- [EXERCISE] The lines to extract run from the first line of the material below to the line containing "Window terminal 열어서 SCP 전송", both included; leave the pictures behind.

- [SUPPLIED MATERIAL]

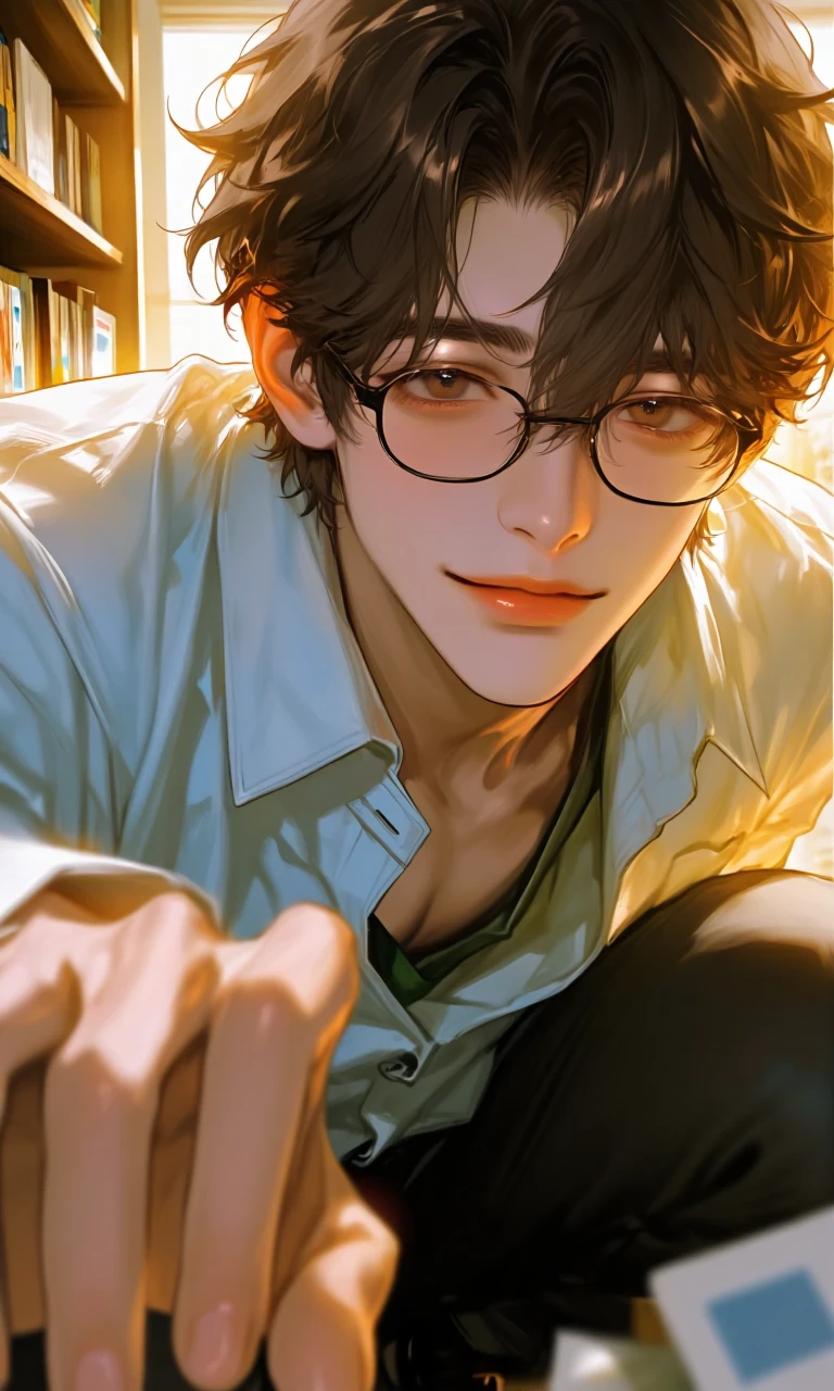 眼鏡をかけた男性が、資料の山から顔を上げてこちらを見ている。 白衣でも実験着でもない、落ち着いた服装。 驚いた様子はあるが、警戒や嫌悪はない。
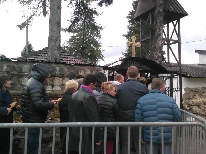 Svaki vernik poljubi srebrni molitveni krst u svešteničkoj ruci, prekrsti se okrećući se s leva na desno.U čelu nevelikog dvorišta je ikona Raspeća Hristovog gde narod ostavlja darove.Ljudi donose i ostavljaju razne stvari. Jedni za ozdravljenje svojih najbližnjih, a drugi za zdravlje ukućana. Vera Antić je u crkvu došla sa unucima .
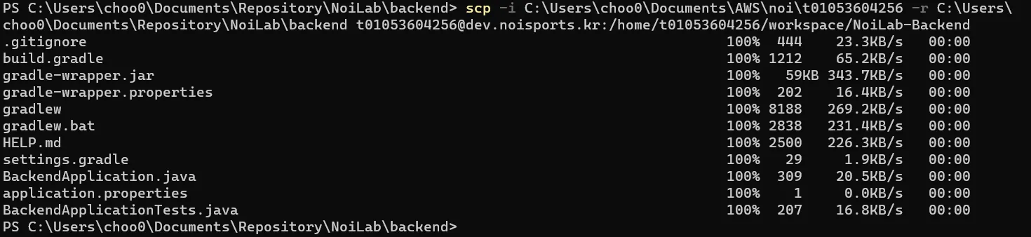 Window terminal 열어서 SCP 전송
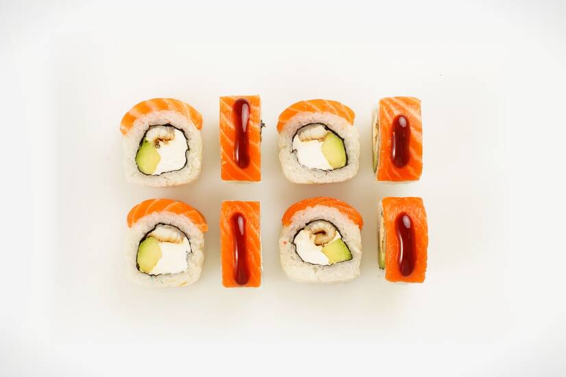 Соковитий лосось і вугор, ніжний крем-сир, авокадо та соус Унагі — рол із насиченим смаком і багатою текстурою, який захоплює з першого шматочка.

- [REPLY TO THE EXERCISE]
 眼鏡をかけた男性が、資料の山から顔を上げてこちらを見ている。 白衣でも実験着でもない、落ち着いた服装。 驚いた様子はあるが、警戒や嫌悪はない。
 Svaki vernik poljubi srebrni molitveni krst u svešteničkoj ruci, prekrsti se okrećući se s leva na desno.U čelu nevelikog dvorišta je ikona Raspeća Hristovog gde narod ostavlja darove.Ljudi donose i ostavljaju razne stvari. Jedni za ozdravljenje svojih najbližnjih, a drugi za zdravlje ukućana. Vera Antić je u crkvu došla sa unucima .
 Window terminal 열어서 SCP 전송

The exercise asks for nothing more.